08 janeiro, 2007

Bem na foto

Era um dia quente de domingo, daqueles sem nenhuma brisa para aplacar o calor. O sol, a pino, castigava inclemente até os mais habituados com tanta luz. A grama luminescia em amarelo e emanava um odor sulfuroso, devido a adubação recente.

O jovem casal caminhava a passos lassos, ele com aparente tédio, ela indiferente. Talvez pelo calor, sentaram-se na grama. Trocaram alguns olhares e poucas palavras. Ela parecia incomodada pelos mosquitos, pequenos dragões vorazes por sangue, ou talvez pela grama que pinicava. Tédio e descorforto!

O rapaz sacou de sua mochila uma pequena câmera, aproximou-se da namorada e olharam juntos para a objetiva com sorrisos como os de propaganda de creme dental. Não estava mais calor, a grama não pinicava, nem os mosquitos zumbiam mais! A indiferença nos olhos dela foi substituída por uma felicidade quase extasiante. Ele, tornara-se o mais apaixonado dos amantes. Click, click. Eternizaram um momento que nunca viveram.

Para os saudosistas, um prato cheio. - Como eu era feliz naquele tempo. Olhe a foto!

Mas não se engane, nem só os saudosistas podem tirar proveito, os mais recalcadinhos também podem servir-se.

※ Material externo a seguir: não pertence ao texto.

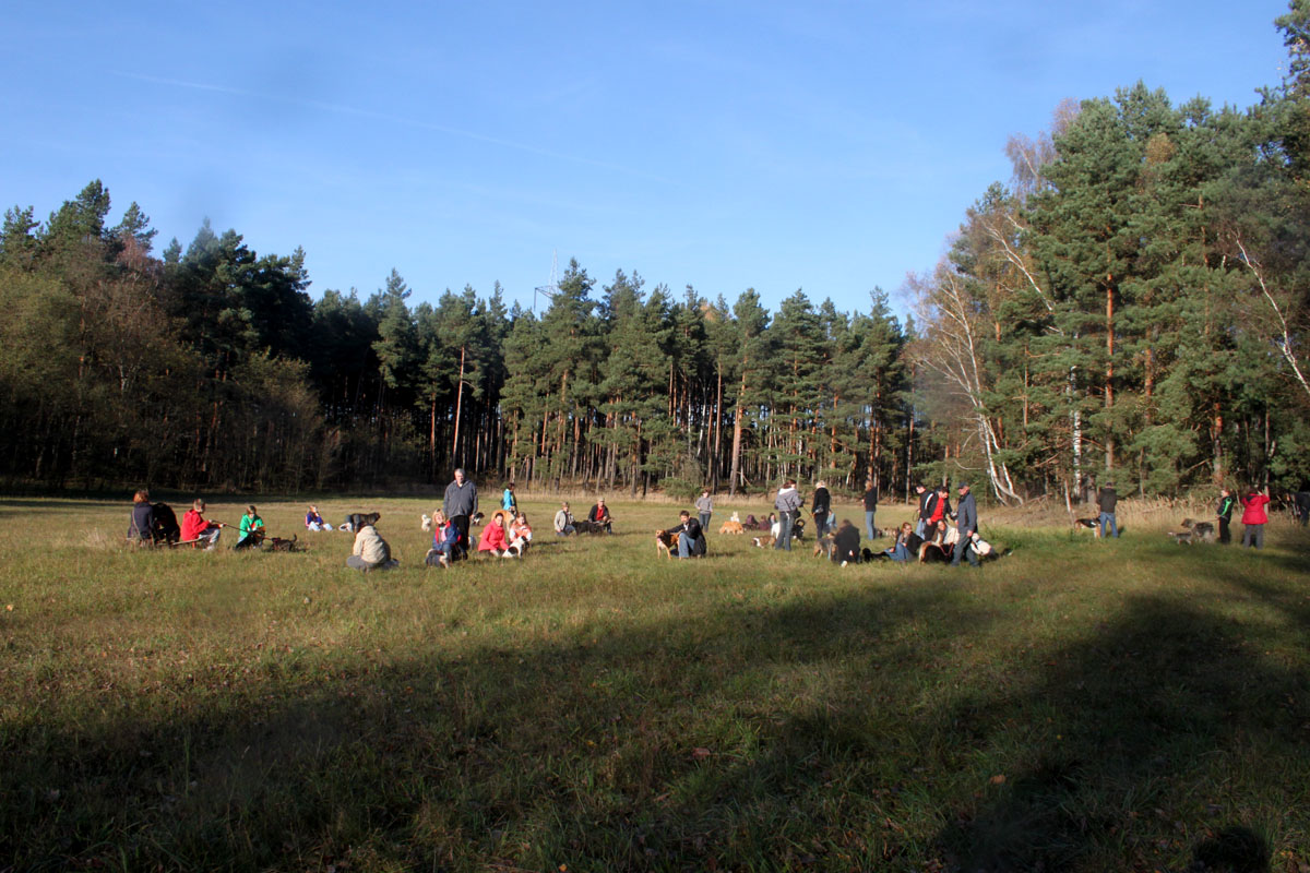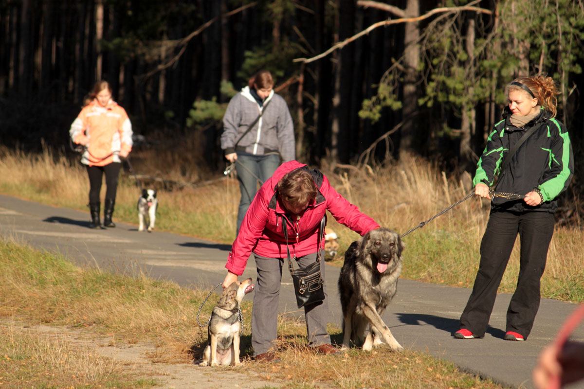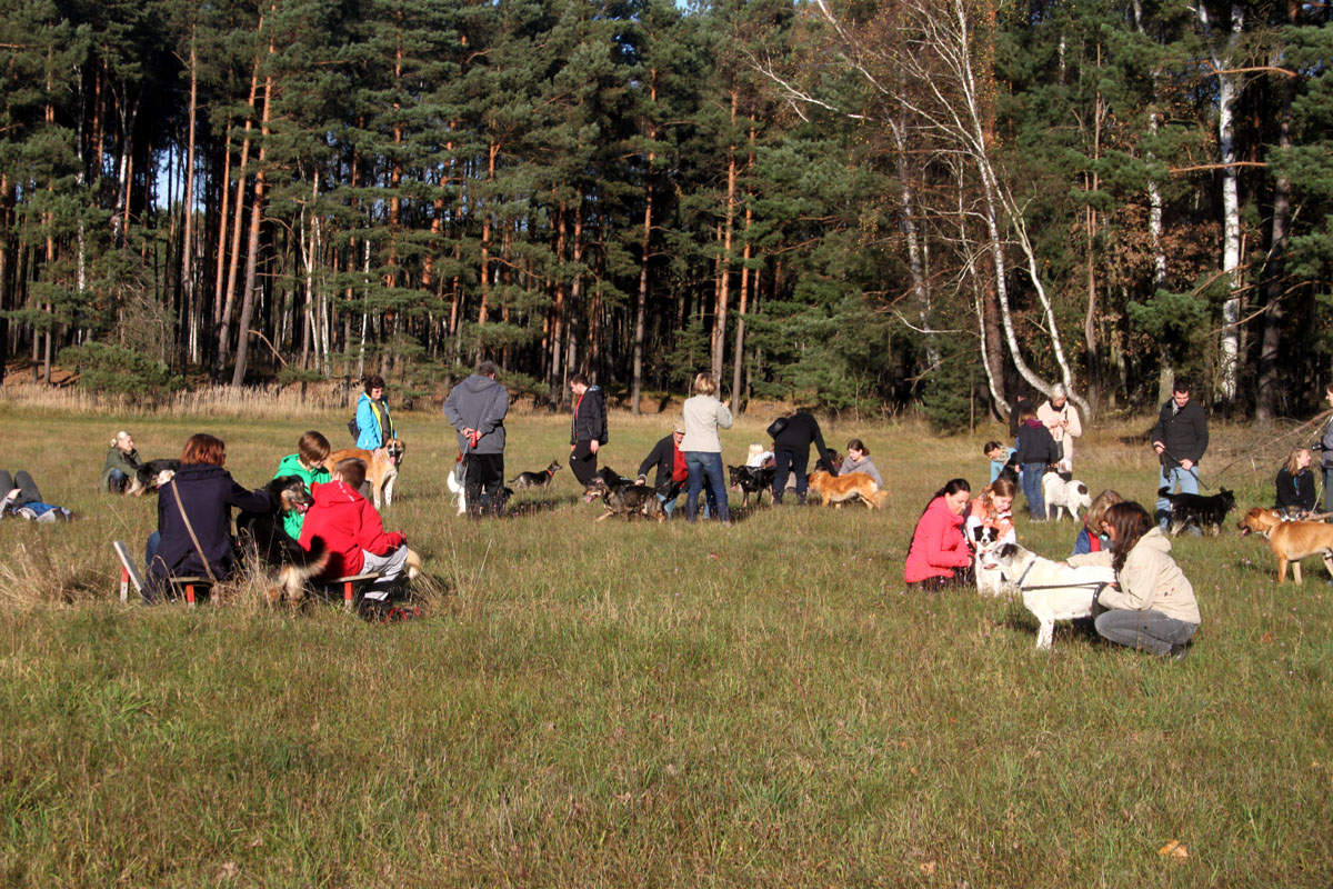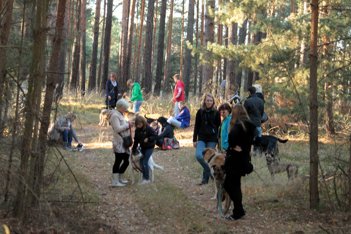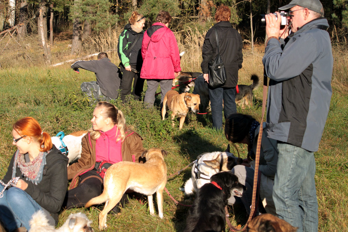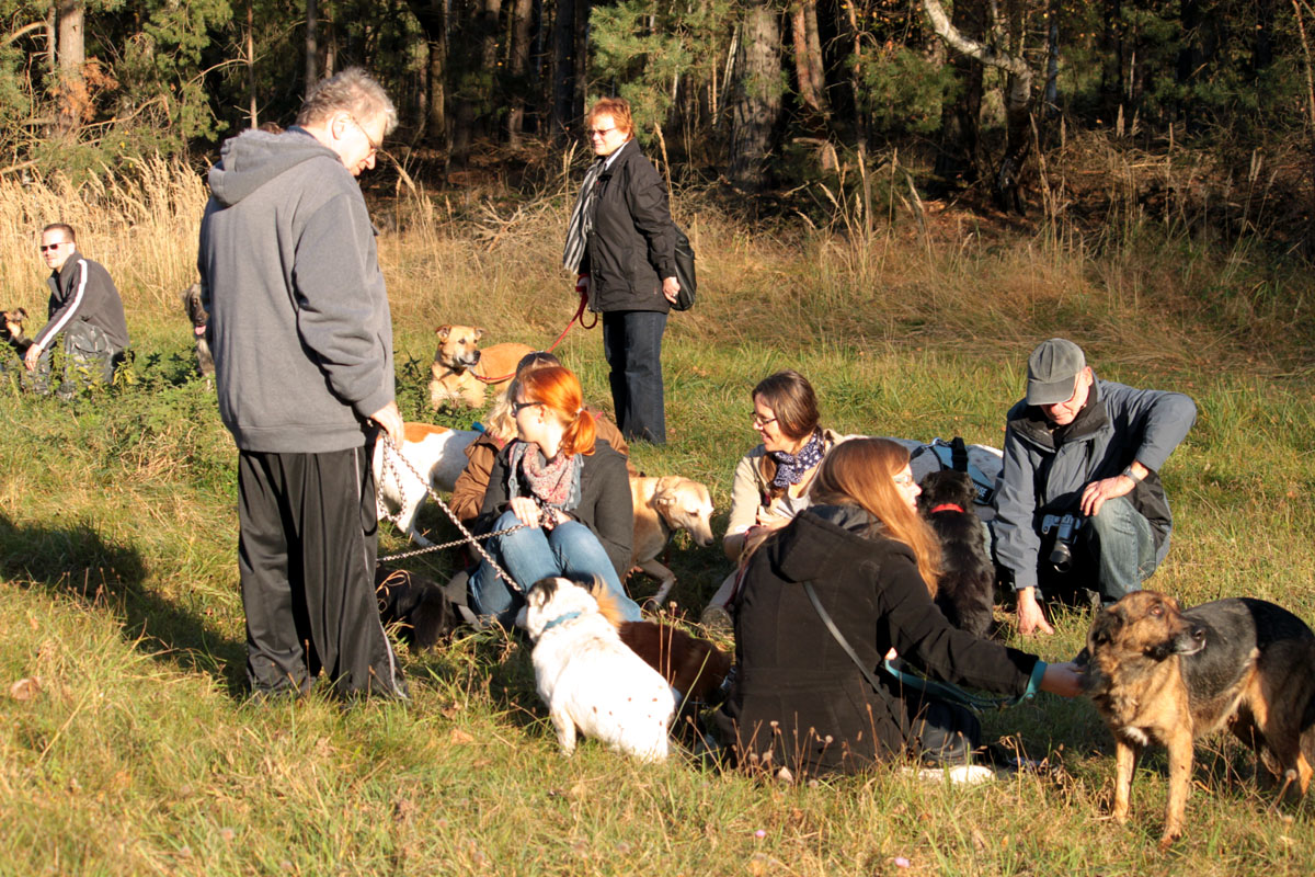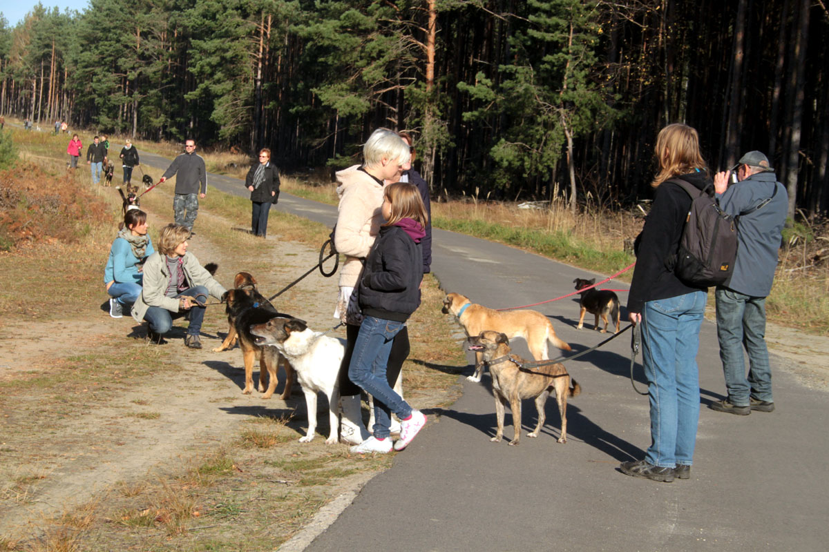 Am Reformationstag trafen wir uns zur 3. Tierheim-Hundewanderung 2013. 45 Hundefreunde mit 32 Tierheimhunden und 7 ehemaligen Schützlingen machten sich auf eine 3,5 stündige Tour durch unsere ans Tierheim grenzenden Wälder und Wiesen. Vorbei an zwei Waldseen, bei herrlichstem Sonnenschein, haben alle das traumhafte Wetter und die gute Laune von Mensch und Tier genossen. Für unsere Tierheimschützlinge war die Wanderung wieder eine tolle Abwechslung vom Tierheimalltag. Alle liefen nach kurzem anfänglichen Ziehen und Bellen brav nebeneinander her, ließen sich in den Pausen kuscheln und knüpften Freundschaften untereinander.

Está lá a prova de seu sucesso, tão importante num mundo extremamente competitivo, com relacionamentos cada vez mais superficiais, onde ser feliz virou uma obrigação. Só os francos e incompetentes são infelizes. Sorriso?? Até em foto de velório. Vai que alguém te flagre chorando!?

15 novembro, 2006

La Fontaine?!

Ninguém duvida que o serviço público tenha uma cultura própria, cheia de ritos, protocolos e manias que de tão impregnados passaram a fazer parte do inconsciente coletivo do funcionalismo. Estão lá, em cada uma das categorias, para os mais diversos efeitos que se possa imaginar. Começando pela fixação pelos incontáveis memorandos, a guia rosa, a amarela, e por favor, não esqueça o carimbo na quarta via. Aquela que servia para que mesmo? Opa, não me lembro, mas também não é nosso tema.


Nesta seara, sempre me despertou curiosidade, meio basbaque, confesso, a recorrente figura da formiguinha apressada. Uma leitura excêntrica, de uma fábula que provavelmente foi encomendada por alguma associação patronal ao La Fontaine e que foi adotada como estandarte pela ala “da boa vontade” do serviço público. Basta uma tarefa de difícil execução devido a baixa adesão ou a escassez de vontade dos gestores que lá está ela. - É trabalho de formiguinha mesmo, diz. Mas o que isso quer dizer afinal??

Bem, 1- o servidor acredita estar extremamente empenhado em uma tarefa hercúlea e solitária, já que não pode contar com a cigarra ou com a colega mosca morta; 2-ele acredita que a persistência renderá algum resultado; 3- que será, de alguma forma, gratificado por seu empenho.


Até entendo que o servidor não conheça intimamente o funcionamento de um formigueiro, que não saiba que todas as formigas trabalham, ou que possuem funções bem definidas, porque há clareza na determinação dos objetivos. Para elas, aquele trabalho todo não é hercúleo. O que estarrece é o fato de não perceber que quando seu chefe evoca o inseto, está dizendo: Sinto muito, mas algo tem que ser feito nesta área, preciso de estatísticas que comprovem nosso trabalho, que justifiquem nossa existência. Não possuímos o devido apoio institucional, mesmo que a lei o determine e estou extremamente apegado ao cargo para correr o risco de me indispor com a direção superior, portanto, faça o quanto e o que você conseguir fazer com o que tem... Opa!! Caí na real. Talvez a form, digo, sevidor perceba! Acho que prefiro os mamíferos.